Following the jury’s decision in 2013, Ponvert told the Hartford Courant that the “take-away message is that schools need to be a lot more careful when they’re taking other people’s minor children overseas.”

He also said in a recent interview with the student newspaper at the University of Pennsylvania, where he earned his law degree, that following the ruling, he had calls from schools and camps that said they had created stricter policies about researching potential dangers on school trips in light of Munn’s case.  
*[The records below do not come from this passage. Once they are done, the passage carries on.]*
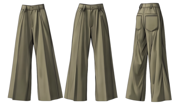 accurate technical fashion drawing of high waisted wide leg trousers featuring front pleats side pockets belt loops clean lines a khaki color front view and detailed black and white side and back
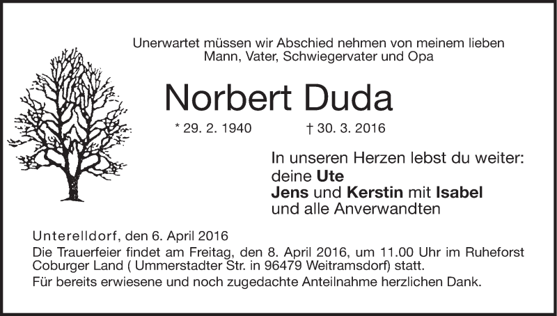 Hier finden Sie alle Traueranzeigen aus der Zeitung, die bisher für Norbert Duda erschienen sind. Weitere Traueranzeigen, die in der Zeitung erscheinen, werden hier ebenfalls aufgelistet
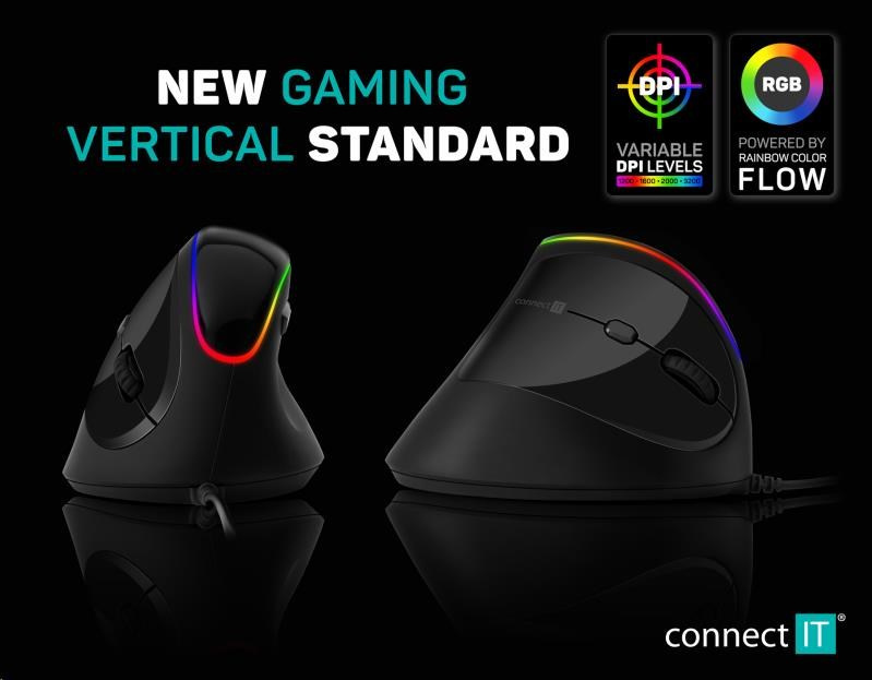 Akční nabídky na váš e-mailCONNECT IT GAME FOR HEALTH ergonomická vertikální myš, drátová, ČERNÁ

The brief expressing concern about the effects of the court’s decision on international study trips was submitted a couple of days before three U.S. senators sent a letter to Education Secretary Arne Duncan asking for better guidelines about student safety on study abroad trips.

The letter sent Thursday was signed by Democratic Senators Kirsten Gillibrand of New York, Al Franken of Minnesota and Robert Casey of Pennsylvania.

The senators said that private and school-sponsored programs for students of all ages have varying guidelines regarding safety, resulting in a lack of communication with parents and students about safety issues in foreign countries.

The senators ask Duncan to create a procedure for notifying families of concerns in the countries that students are visiting.

The letter was written after Gillibrand was contacted by a New York family whose son drowned while studying abroad in Costa Rica in 2012. The student, Ravi Thackurdeen, was participating in Duke University’s Global Health Program and drowned while on a program-sponsored excursion to a beach known to have dangerous currents, according to the Gillibrand’s website.